Scandar Copti, the Arab-Israeli who co-directed Oscar nominee
Ajami with
Jewish-Israeli Yaron Shani, said Sunday, hours before the Academy Award
ceremony in Hollywood, that the film does not represent Israel because
“I cannot represent a country that does not represent me.”
Speaking
to Channel 2, Copti said, “I am not the Israeli national team and I do
not represent Israel,” adding that the representation issue is a
“technical thing, that’s how it works in the Oscars. It says ‘Israel’
because the funding comes from Israel. There’s a Palestinian director,
an Israeli director, Palestinian actors and Israeli actors. The film
technically represents Israel, but I don’t represent Israel.”
Copti’s co-director, Shani, did not agree.
“It’s
an Israeli film, it represents Israel, it speaks ‘Israeli’ and deals
with Israel-related problems. The question of representation deals with
matters of perspective and political issues we need to resolve,” Shani,
who was interviewed alongside Copti, said.

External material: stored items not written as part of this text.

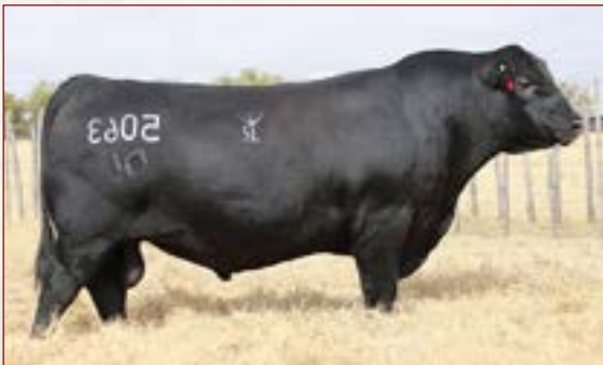
Bar R Jet Black 5063 - Sire of Lots 83 and 84.

This super impressive Jet Black daughter is blessed with breed topping performance ranking in the top 1% for WW, YW and top 3% for $B, CW and REA. She will make a wonderful cow that doesn't sacrifice carcass value and performance. AI 4/25/20 to Thomas Edison 6764. Safe to AI date. PE from 5/19/20 to 7/8/20 to 2 Bar Payweight 7507 & SF Ashland 8164.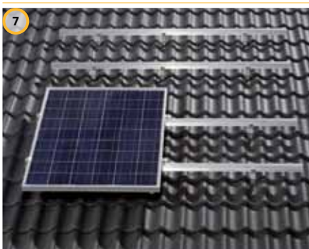
7 Positioning of the first PV-module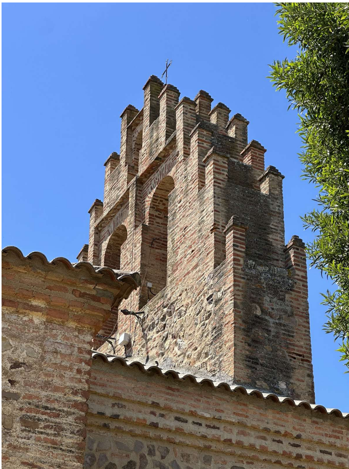
Stepped bell gable of the hermitage.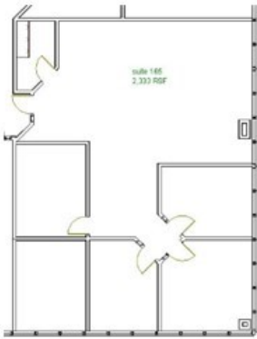
Suite 165 2,333 SF

7333 W. Jefferson Ave. Lakewood CO 80235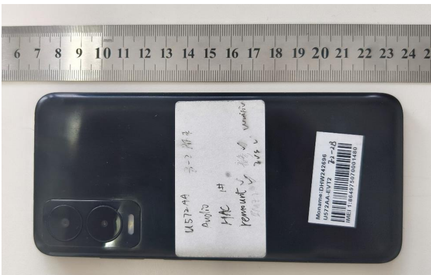
Pic 2 Mobile Phone(back)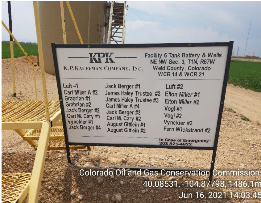
Photo 1 TNK BTRY sign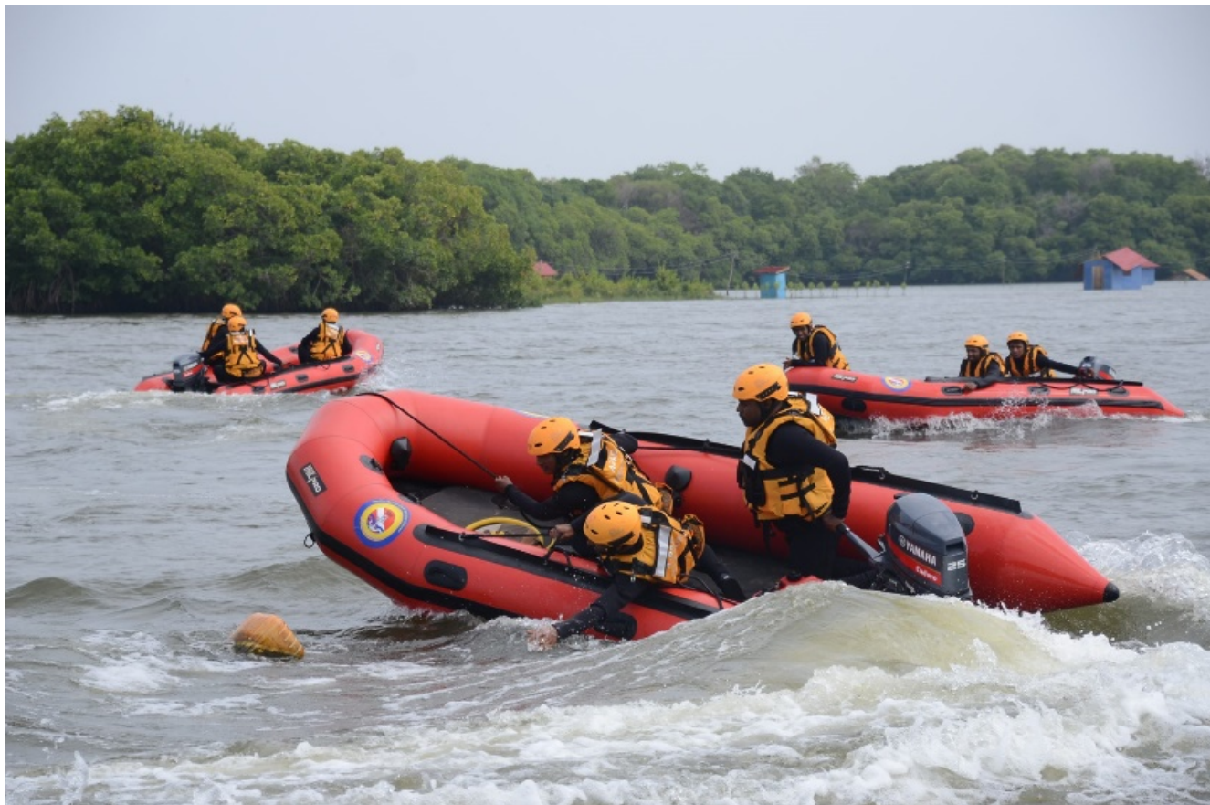
A-PAD Sri Lanka has organized Search and Rescue training sessions in swift waters.

For example, during the floods in June 2021, A-PAD SL, in partnership with a private sector member company, provided 3000 warm meals for flood victims through the “ Meals that Heal ” initiative. A-PAD SL also coordinated with the Disaster Management Centre (DMC) to ensure that the meals could be delivered safely during the COVID-19 lockdown.

Copti and Shani were interviewed only a day after a demonstration took place in Jaffa,
Ajami’s setting. Demonstrators took to the streets in protest of what they call police violence against the town’s residents.
Tony
and Jiras Copti, brothers of the director, were arrested in Jaffa in
February. After the arrest, they claimed police used excessive force
against them.
Ajami is
the third Israeli movie in three years to compete in the foreign film
category of the Academy Awards. It’s the ninth Israeli film ever to be
nominated. On Sunday night,
Ajami competes with films from Germany, Peru, France and Argentina.
Angry reactions from top Israeli officials weren’t late in coming.
Sports and Culture Minister Limor Livnat said, “It is because of Israeli
funding, which Copti now tries to renounce, that the film
Ajami was produced
and is now nominated for an Oscar.”
“Without state support, Copti would not be walking the red carpet
tonight. In the name of artistic license and pluralism, the movie was
given a budget of more than NIS 2 million. It is sad that a director
supported by the state ignores those who helped him create and express
himself. Happily, the rest of the movie’s team see themselves as part
of the State of Israel and are proud to represent it in the Oscars as
ambassadors of liberated cultural expression,” Livnat added.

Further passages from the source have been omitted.